Не могу заговорить с Омелой… Из дому вышел под нежданное осеннее солнышко. Сиреневый Париж расцветился рыжими веснушками. Суббота шуршала машинами, словно вслед за рассеявшимся туманом весь город решил расползтись по полям и дорогам на уик-энд. Я ехал на своей, не упорядочив еще ни мыслей, ни намерений. Свернул наугад вправо, а дальше — куда глаза глядят, я думал, перебирая Париж, словно четки… Швейцарский рынок, скверы у Эйфелевой башни — поглядев на нее, я прикинул, откуда падали в эти дни самоубийцы, — Сена, Елисейские поля, оттуда вверх, по набережной правого берега… где же все-таки, думал я, поссорились Эдип с Лаем? Машину я вел, как двадцатилетний безумец. Признаюсь, мне хотелось попасть в катастрофу. Нет, я не искал ее. И даже постарался бы избежать, но если бы вдруг… Я был бы рад несчастному случаю. Что может быть лучше в мои-то годы, с моими морщинами, сердцем, слабостью, провалами памяти, забывчивостью, оговорками… Я давно уже не то, чем привык себя считать. Все, кто ругает меня, правы. Вот и сегодня в одной газете опять писали… пусть, я согласен. Наверное, такой я и есть, убедили… Не могу я быть правым, если все думают иначе. Впрочем, какое тут «право»? Если бы меня любили, говорили бы иначе… в этом все дело, остальное вздор. Важно одно: чтоб тебя любили. А этого нет, что бы мне ни твердили. Уж это я знаю. И не со вчерашнего дня. Знаю всю жизнь. Может, кому-то, чтоб убедиться, надо застукать свою жену с другим в постели.

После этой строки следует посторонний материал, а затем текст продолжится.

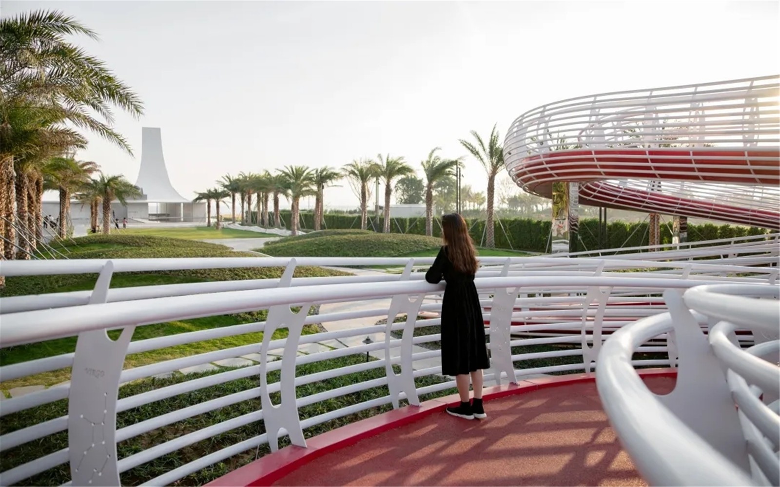 強(qiáng)烈雕塑感使得環(huán)橋360°視線皆有景可觀,獨(dú)特的立體互動(dòng)空間讓行走其中的戀人始終能夠彼此相遇。同時(shí)作為連接入口與花海的空中紐帶,增添了空間層次感與視覺體驗(yàn)性。
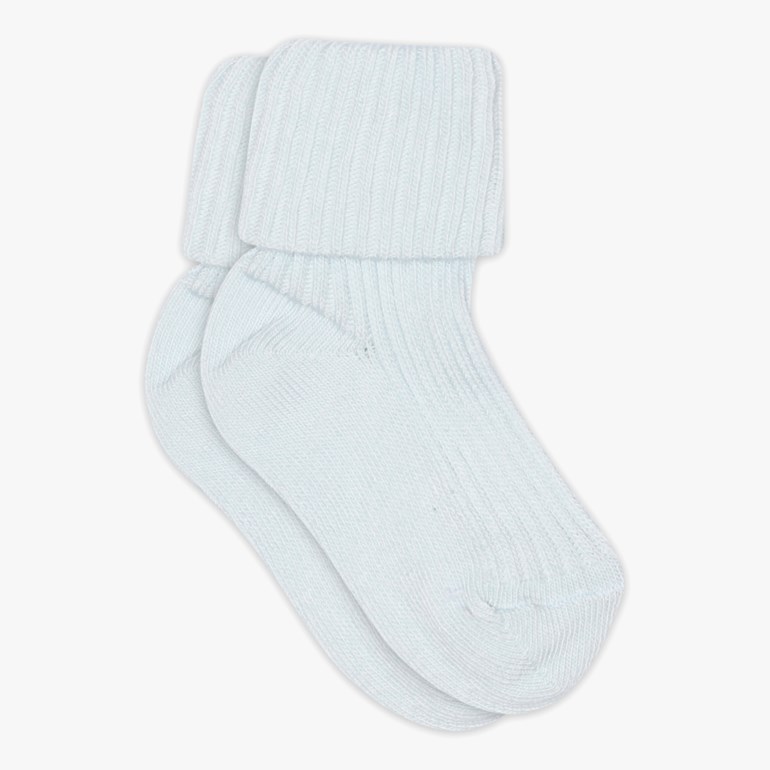 Klassisk ribbestrikket babysokk i Cotton fra mpKids. Sokkene er strikket i en myk bomullskvalitet. For å sikre at sokkene har best mulig passform, har de en anatomisk korrekt hæl med 90° vinkel og en fold-over mansjett ved ankelen.
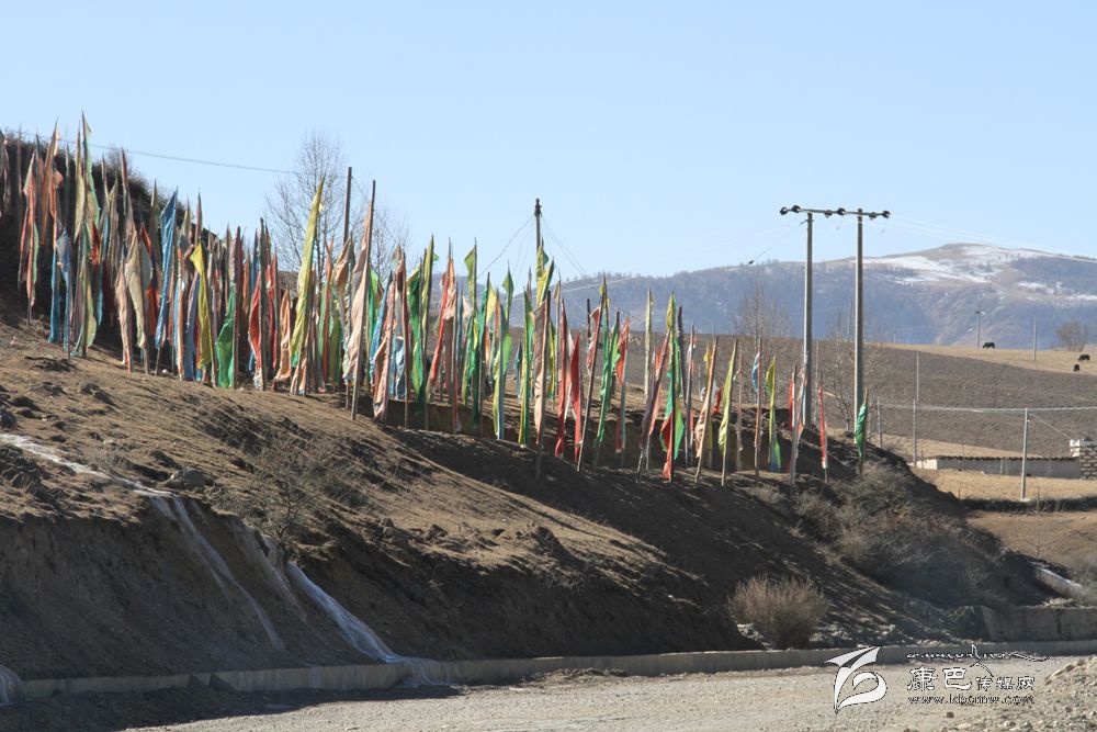 (2)涅槃旗:甘孜州道孚等地沿襲水葬風(fēng)俗,即埋尸河邊或山坡上有大片涅槃旗,向著河流飄向,有讓死者在地獄里減輕痛苦,盡快得到轉(zhuǎn)世。
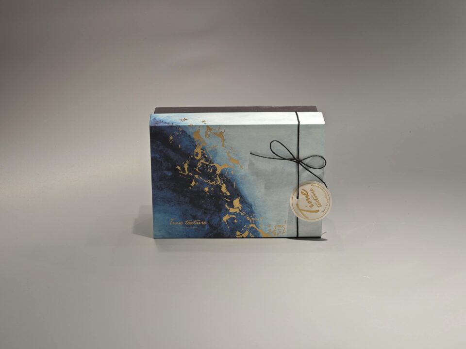 This custom pattern lift-off lid box with ribbon is tailored for the gift industry, featuring a blue and gold abstract print. The two-piece design includes a removable lid for convenient access, complemented by a ribbon that enhances the box’s gift-ready presentation.
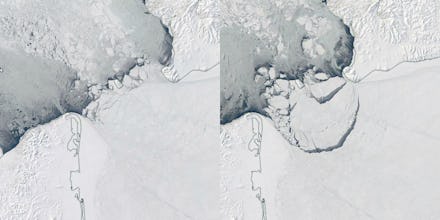 The giant chunk of ice that uncoupled from the greater ice mass was just about the same size as Rhode Island, according to TechInsider. This being the hottest winter in recorded history might have had something to do with it — just a thought. The unprecedented spike worldwide shattered records and certainly raised the heat in both land and ocean temperatures, especially through January and February, as Mic previously reported.

А по мне — не в этом дело. В постели с другим — не такая беда, это еще ничего не значит: может, все это просто так: ошибка, затмение, недоразумение — мало ли… Хуже, когда знаешь наверняка — как знаю я. И не со вчерашнего дня. Всю жизнь знаю. При таком раскладе, что ни придумай, что ни скажи — непоправимого не поправишь. Поправимо то, что здесь и сейчас. А прошлое… Прошлое необратимо, оно навеки пребудет в нас.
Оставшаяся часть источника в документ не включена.